Ethnic groups in Italy

The major ethnic group in Italy is the Italians, who account for 95% (above 60 million) of the total population of Italy. The remaining 5% of the population consists of ethnicities like Albanians, Romanians, Ukrainians, and other Europeans (2.5%); Africans (1.5%), and several other minorities (1%).


For a long period, the region where modern days Italy exists as a single state was divided into separate provinces controlled by different ethnicities. In the past, Greeks, Celts, Romans, and older Italian peoples had control of the Italian peninsula. The Romans were strong in northern Italy, while Greeks dominated the south, and the early Italian tribes were found in the northern and central parts of the peninsula. Others that ruled different regions of the Italian peninsula in varied periods belonged to ethnicities that included Catalans, Norman, Swabian, and Angevin.

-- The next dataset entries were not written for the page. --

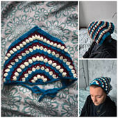 The Blooming Bandana is a textured crochet head scarf featuring the tulip stitch (worked upsidedown though). Designed for intermediate crocheters, this pattern combines written instructions with visual support to guide you through the process. Confident beginners looking for a fun challenge may also enjoy this pattern.
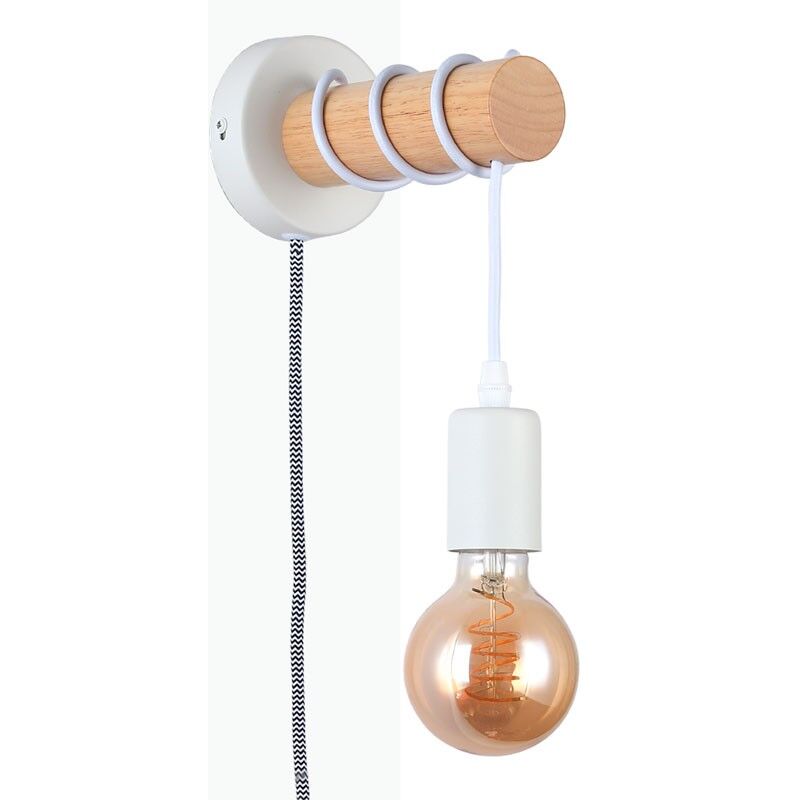 Lampada da parete in legno in stile retrò. Lampada da parete di design con pratico cavo intrecciato, in bianco e nero, e cavo con interruttore per accendere e spegnere comodamente la lampada. Realizzato in legno e alluminio, offre uno stile minimalista e retrò per qualsiasi ambiente interno della casa o dell'azienda. Con grado di protezione IP20, l'applique è destinata esclusivamente all'uso interno. Si utilizza principalmente per l'illuminazione di corridoi, camere da letto, ristoranti, sale studio, bar, hotel, ecc. Il cavo permette di personalizzare l'altezza avvolgendolo intorno alla struttura cilindrica in legno. Con attacco E27, lampadina E27 non inclusa. Ideale per le lampadine a filamento che conferiscono uno stile retrò alla lampada.
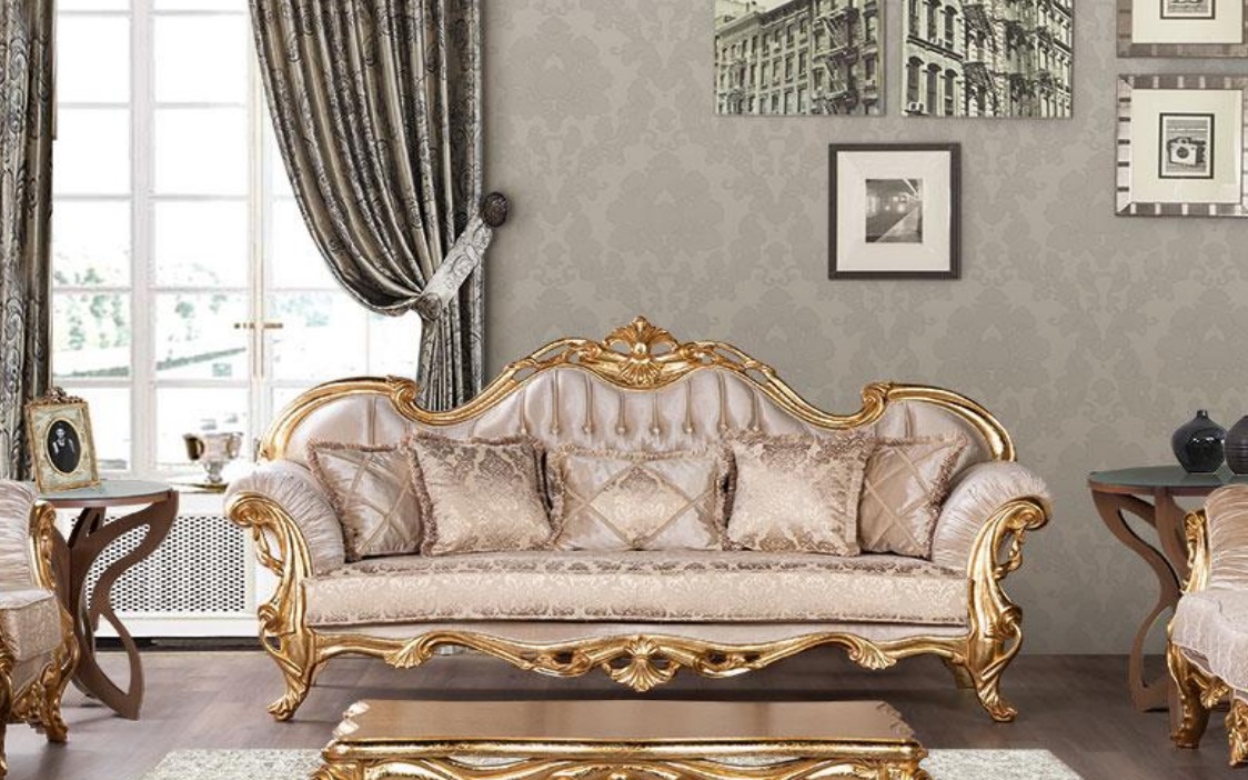 Erleben Sie den Luxus und den zeitlosen Stil mit unserem Dreisitzer-Sofa aus der B2B Moebel Kollektion! Dieses elegante Möbelstück im Barock-Rokoko-Stil wurde mit Liebe zum Detail und handwerklichem Geschick gefertigt. Die geschwungenen Formen und die filigranen Schnitzereien verleihen Ihrem Wohnzimmer eine königliche Note. Das hochwertige Sofa besteht aus Stoff in der Farbe wie abgebildet und bietet mit seinen Maßen von ca. 235 x 80 x 123 cm ausreichend Platz zum Entspannen und Wohlfühlen. Ob in Orchidee, Mauve, Schokolade oder einer Vielzahl anderer Farben - wir bieten eine breite Palette an Farboptionen für Ihren individuellen Geschmack. Ergänzen Sie Ihre Einrichtung mit diesem einzigartigen 3-Sitzer-Sofa und tauchen Sie ein in die Welt des Luxus und des Komforts. Bestellen Sie jetzt und lassen Sie sich von B2B Moebel begeistern!
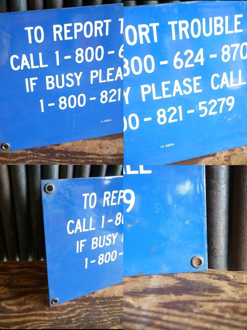 ビンテージ TO REPORT TROUBLE CALL ホーローサイン
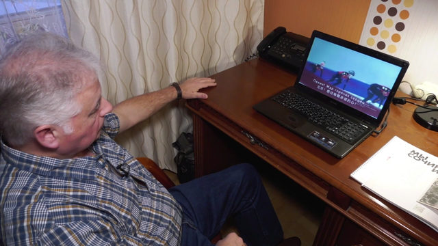 (▲弗拉基米尔·沃罗比约夫观看由他创作的以北京冬奥会为主题的俄语歌曲《北京》)
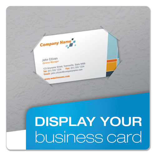 Report portfolios let you keep loose papers with fastened report. Leatherette-grained stock for a rich feel. Business card slot on inside front pocket. Holds up to 135 sheets of paper.
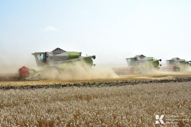 На сегодня в республике обмолочено 59% зерновых и зернобобовых культур на площади 353 тысячи гектаров. Об этом вице-премьер – министр се...

Because of this joint occupation, several descendants of the different ethnic groups remained back in Italy and eventually accepted themselves as Italians. The culture of the Italians has been strongly influenced by those of the Romans, who were very aggressive rulers in the history of Italy. As Italy had remained in a divided form for several centuries, the Italians from each of these provinces had their own regional dialects and culture, which can still be seen in Italy.

One survey claims that Italians choose to settle in rural locations rather than larger cities. It claims that only about 60% of Italians stay in cities, which is the lowest compared to other populations in other European countries. Many Italians prefer to be identified by their province, which is their native region. Major Italians are Roman Catholics though some minor groups follow Protestantism or Judaism.

Italians from diverse fields have contributed a lot to our world. Numerous Italian scientists that have created some world-famous inventions include but are not limited to Leonardo Da Vinci, Galileo, the man who showed practically Kepler’s laws of planetary movement, Antonio Meucci- who invented the telephone, Antonio Pacinotti- who invented the dynamo and Alessandro Volta- who invented an electric battery.


Around two thousand years ago, the island of Sicily was ruled by the African Arabs for nearly two hundred years. Though it has been long since their defeat by the Normans, even today, about half a million African Arabs settled in Italy. There are also another 100,000 Africans apart from the Arabs, who have immigrated to Italy in recent years.